Wow! That’s all I can really say about today. Today was my Friday at work and I’m so thankful to have the next four days off work so I can focus on my self-image and focus on my health. I have several doctor appts on Monday with my doctors and psychiatrist whom I really need to see. I need to make sure that I’m following the correct plan. I’ve been on so many different medications during my depression that I can’t even see straight. Or even be straight for that matter. 😉
Regardless, shortly before 2017 ended I remember waking up on a Sunday morning and knowing that something had gone off in my head… Almost like I had a moment of purity and I felt this jolt of energy hit me and it was the Universe telling me that I’m worthy of anything I want in life and that if I want something to chase it because I deserve it. THANK YOU DIVINE INSPIRATION ANGEL! I’ve spent the last four months being an absolute depressed wreck and fast forward today and my depression score today on the Feeling Good David Burns book rated me at 44 which is GREAT because last week in his office I was 55…. 50 and above is extreme depression… Yikes.
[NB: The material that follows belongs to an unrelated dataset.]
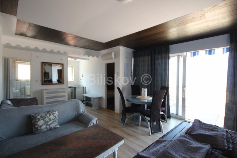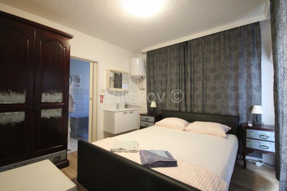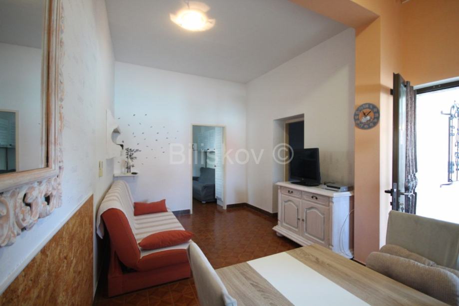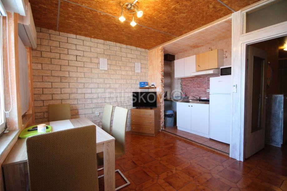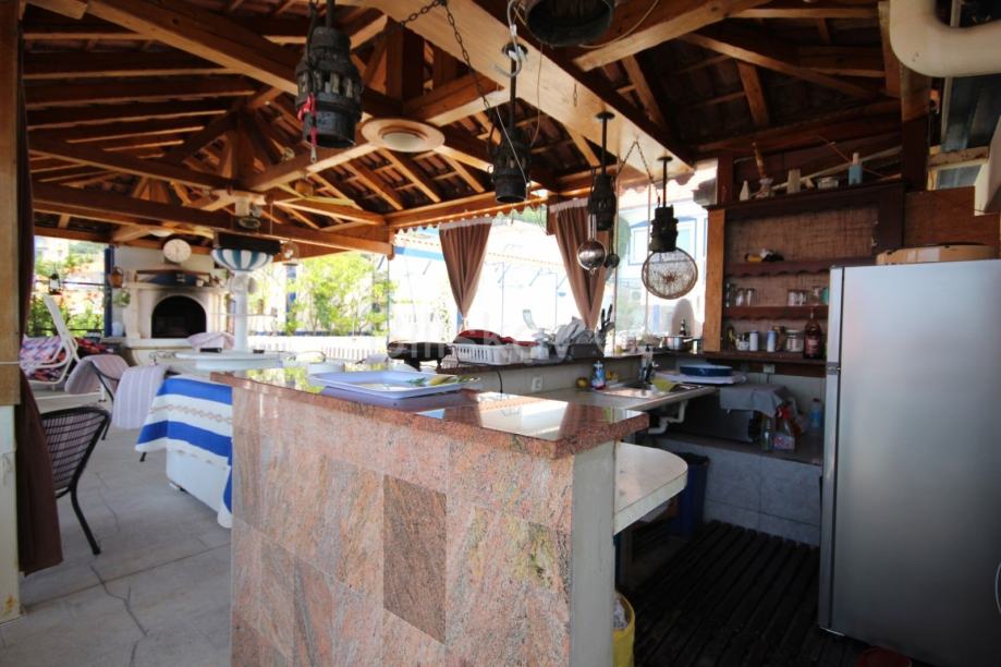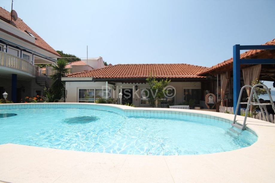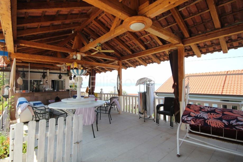 U prizemlju se nalazi samostojeći objekt površine 120m2 u naravi komforan dvosoban stan s vlastitom terasom i roštiljem do kojeg se nalazi bazen.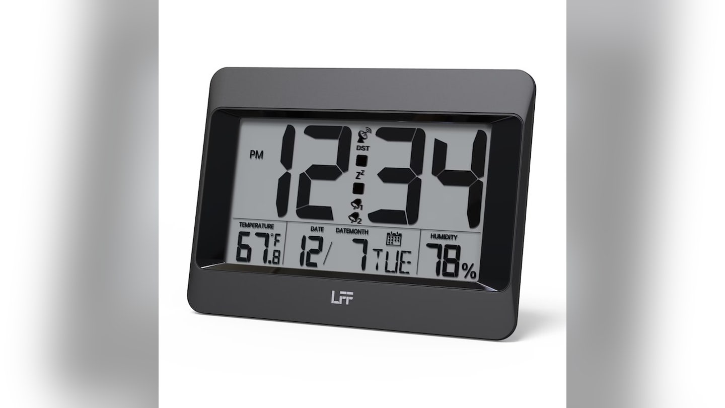 Se você quer um relógio simples com números grandes e fáceis de ler, é isso Um despertador molecular Tudo que você precisa está lá. Relógio operado por bateria exibe temperatura interna, umidade, data e hora. Mesmo que o horário de verão termine, o relógio será atualizado automaticamente para a hora correta. Projetado para caber na parede ou na mesa de cabeceira, este alarme é fino e compacto.

Today though was different. I got to therapy on time which is always an added bonus and I quickly completed the checklist because I give my therapist these forms to track “in my file. gasp.” Like I told Chris a few weeks ago, I’m done being the victim of my own self-hate. The demon has died and I’m dragging him out of my soul daily. No longer will I dwell on my own self-misery because I am worthy of love and compassion. Let’s just say I’ve never had a more productive therapy session in the six years that I’ve been seeing Chris. I walked out tonight so proud of myself… The feeling of accomplishment was ravenous through my blood. I felt so good and my depression had no voice.
My therapist is so proud of me for my blog. I showed him today on my iPad and she was stunned at my accomplishment. I couldn’t believe how much I was being praised over this. Someone, please pinch me! I’m certainly dreaming!
I scored a 44 today. That’s a HUGE WIN! 11 points better than last week which means I’m a happier campier living with a “mild depression” and you know what.. I’ll take it. This feels good. Like I said something just clicked and my perception shifted ever so slightly.